Gadderie show is all about Journeying

Red Hull by Jack Chesterman.
Red Hull by Jack Chesterman.

Artist Jack Chesterman’s exhibition Archaeology of Journeying will be running at the Gadderie in Shetland Museum from Saturday until 17th May.

Chesterman has had a longstanding painting and printmaking practice and has exhibited widely in the UK and abroad. His work is held in a number of private and public collections.

He has also followed a career in Art and Design Education, working in a number of universities as both a lecturer and education manager. For some 13 years he has visited Shetland annually.

Current themes in his work may be characterised as maritime or landscape and these provide a context for particular subject matter and narrative drivers related to journeying, history and loss.

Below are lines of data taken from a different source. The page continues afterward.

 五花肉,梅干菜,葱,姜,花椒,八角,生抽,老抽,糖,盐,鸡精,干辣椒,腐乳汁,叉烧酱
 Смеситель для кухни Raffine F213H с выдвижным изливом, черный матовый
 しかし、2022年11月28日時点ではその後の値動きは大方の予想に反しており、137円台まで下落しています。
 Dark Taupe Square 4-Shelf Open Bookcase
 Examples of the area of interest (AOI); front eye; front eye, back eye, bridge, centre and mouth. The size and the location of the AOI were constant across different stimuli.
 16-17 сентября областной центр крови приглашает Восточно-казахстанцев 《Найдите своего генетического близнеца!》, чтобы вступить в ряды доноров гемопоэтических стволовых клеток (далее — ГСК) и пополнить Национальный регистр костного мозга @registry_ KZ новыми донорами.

Central to his picture making are the problems of depiction and in this he does not seek a singularity of image, mark making or theme but rather a plurality of visual language.

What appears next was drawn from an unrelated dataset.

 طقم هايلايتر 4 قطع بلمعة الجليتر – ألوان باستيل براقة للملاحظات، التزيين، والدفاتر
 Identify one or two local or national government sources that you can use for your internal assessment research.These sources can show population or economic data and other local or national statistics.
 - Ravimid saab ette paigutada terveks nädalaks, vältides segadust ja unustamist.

As part of the Hanseatic trading routes Shetland and Hamburg were commercially linked but equally importantly both have deeply rooted maritime cultures through which they have developed.

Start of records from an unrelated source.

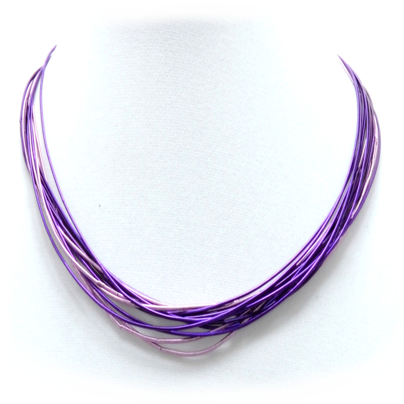 Zari Wire Multi Strand Necklace in Purple, Mix.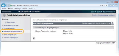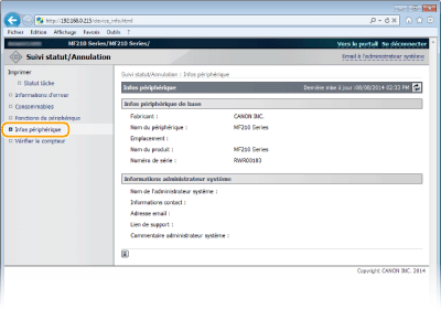 Les informations sur l'appareil et l'administrateur système s'affichent. Ces informations sont définies dans [Gestion du système] à la page [Réglages/Enregistrement].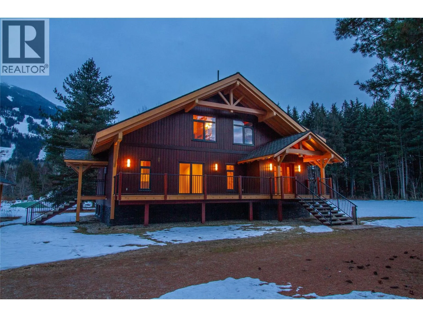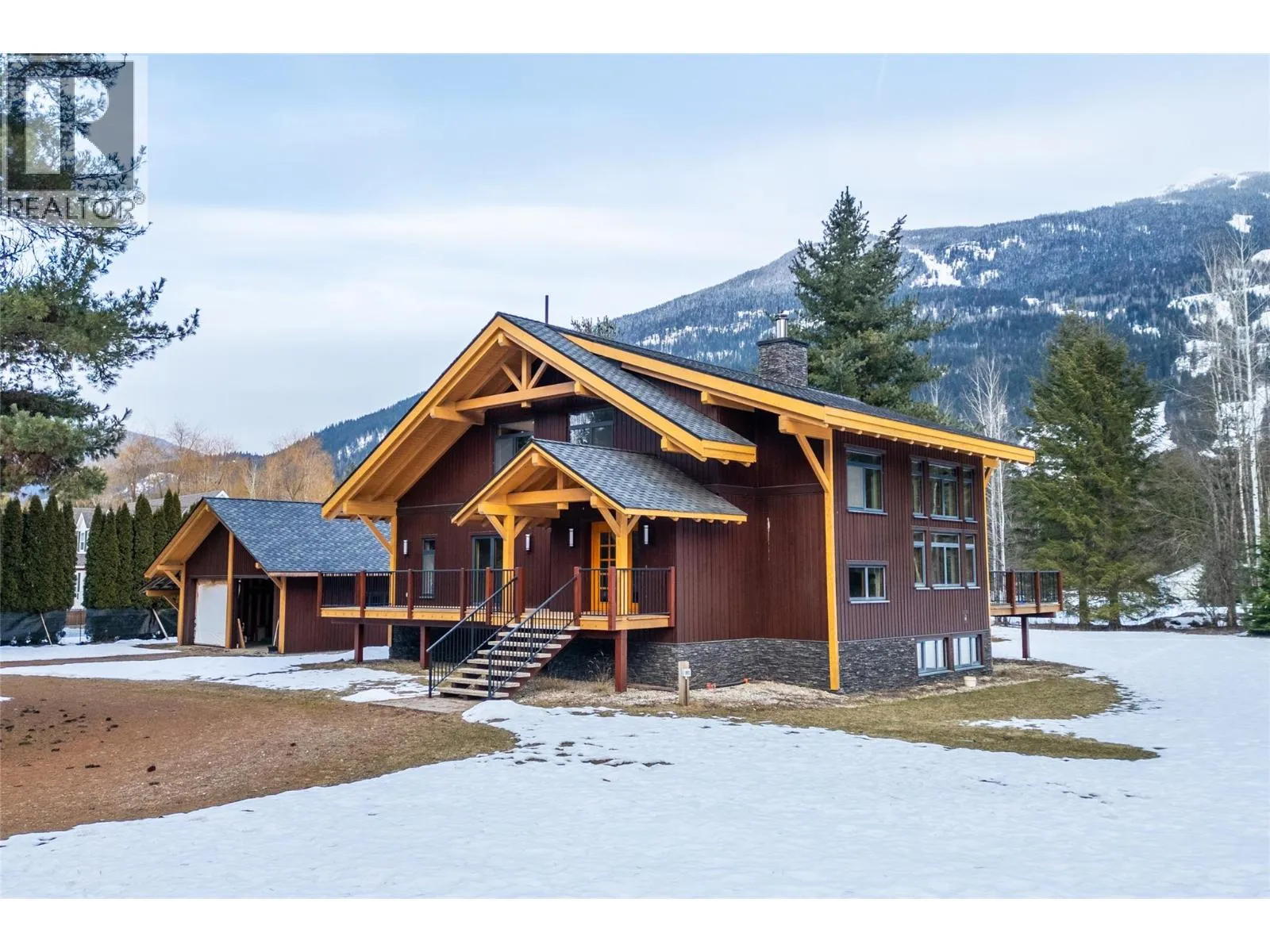 Set on 2.09 private acres in Revelstokeâs sought-after resort community, this custom 4,300 sq. ft. timber frame estate offers an exceptional blend of refined mountain living and world-class surroundings. Just moments from Revelstoke Mountain Resort and the future Cabot Revelstoke Golf Course, year-round adventure is truly at your doorstep.Thoughtfully designed to complement its alpine setting, the home features timeless Swiss-crafted post-and-beam construction, soaring ceilings, and expansive windows framing unobstructed mountain views. The grand great room and chefâs kitchen open seamlessly to generous outdoor decks, perfect for après-ski gatherings, summer entertaining, or quiet mornings in nature.The primary suite is a private retreat with a luxurious five-piece ensuite and walk-in dressing room, while a secondary main-floor suite offers comfort and privacy for guests. Triple-glazed imported windows and geothermal heating provide exceptional energy efficiency and consistent year-round comfort. Revelstoke is defined by lifestyle, legendary powder skiing in winter; hiking, mountain biking, lake life, and golf in summer ,all complemented by a vibrant downtown just minutes away. Acreage properties in this coveted location are rare, offering a remarkable balance of privacy and proximity in one of Western Canadaâs most dynamic mountain destinations. (id:27476)

From Viking times when the islands were used as a service station on the sea roads between Norway and Iceland, to the heydays of cod and herring fishing, to the current pelagic fishing and to the oil and gas industries, Shetland’s history has been inextricably connected to boats.

It is a story well told in the Shetland Museum where the remarkable collection of historic boats has been a source of reference in Chesterman’s work.

In commercial shipping terms Hamburg features prominently on the world stage. The “metal bashing” skills once found in Northern Ireland and elsewhere in the UK are still to be found around the Hamburg harbours.

Ocean leviathans, red leaded and as high as blocks of flats, are seen on slips of floating dry docks. Into world journeying they move people and goods around the globe but at rest, like Shetland boats, they present extraordinary objects, counter-intuitive still lifes, redolent with stories.

So it is with Wasdale, a small valley in the Lake District that contains England’s highest mountain and deepest lake. It abounds with remarkable landscapes and the paths that cross it are there by virtue of commerce, religion, agriculture, conflict and recreation.

All three places are powerfully special, much loved and much visited by Chesterman.